I don’t know what to do with my irony, and I’m still afraid to be sincere.
A comedian I respect wrote this week that ‘the time to be cool is over, that it’s time to care about something again.’ This same guy has joined tens of thousands in the quickly growing Democratic Socialists of America, a party devoted to radical change through the ballot box. Many people my age and younger are leaving the Democratic Party behind. We’re leaving it for socialist parties, for apathy, and many are leaving it for Trumpism. It seems that Nazi is punk again. Irony and cynicism and the tribal relativism of online propaganda has eroded the very idea that anything, even the most basic facts about power and ideology, is knowable. The moral bankruptcy of Republicans and the strategic collapse of the Democrats has left another generation in the dark, feeling hopeless that change is possible. Finance has consumed the world, and capitalism has marched ceaselessly toward its endgame.

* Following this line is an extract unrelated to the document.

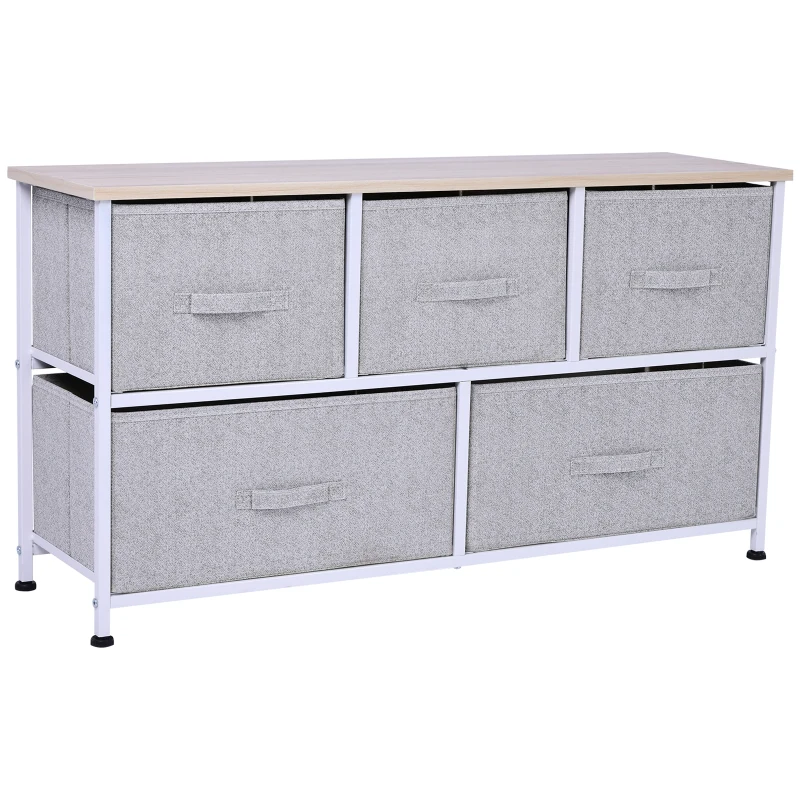 HOMCOM 40" L 5 Drawer Horizontal Storage Cube Dresser Unit Bedroom Organizer Living Room Shelf Tower with Fabric Bins, Light Gray

But some ideas which were anathema to the mainstream have become normalized. Feminist is a badge of honor that even some anti-abortion white ladies scramble to claim. Socialist is no longer an entirely dirty word. Critical race theory has creeped into the opinion papers where once was published The Bell Curve and apologia from former Klansmen. Universal basic income is seeing experimental trials in Europe, and is whispered as a potential band-aid for the labor market after the app-ification of the economy. I suppose that things have changed, at least in fits and starts, and new avenues have been cleared for radical progress. But we need to walk down those streets. And we need to face the armies of angry fools who seek to stop progress in its tracks.

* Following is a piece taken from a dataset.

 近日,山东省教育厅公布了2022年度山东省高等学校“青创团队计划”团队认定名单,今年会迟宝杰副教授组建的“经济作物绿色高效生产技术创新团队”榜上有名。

I will leave my poster of candidate Obama up for my daughter to see when she gets a little older. It’s a masterful piece of propaganda, and a relic of its time. It’s not in protest of Trump, whom I despise. I guess it’s mostly nostalgia, in the sense that the past is a place where we can reinvent our former selves to explain the problems we have now. I can look at it and remember when the Constitution seemed to work in our favor, instead of standing in our way.
Maybe it’s a reminder that not too long ago, I believed that true and lasting Progress was possible. It will remind me to never give my support, my money, my vote, to any candidate, any party, any movement, or any system that promises anything less than that.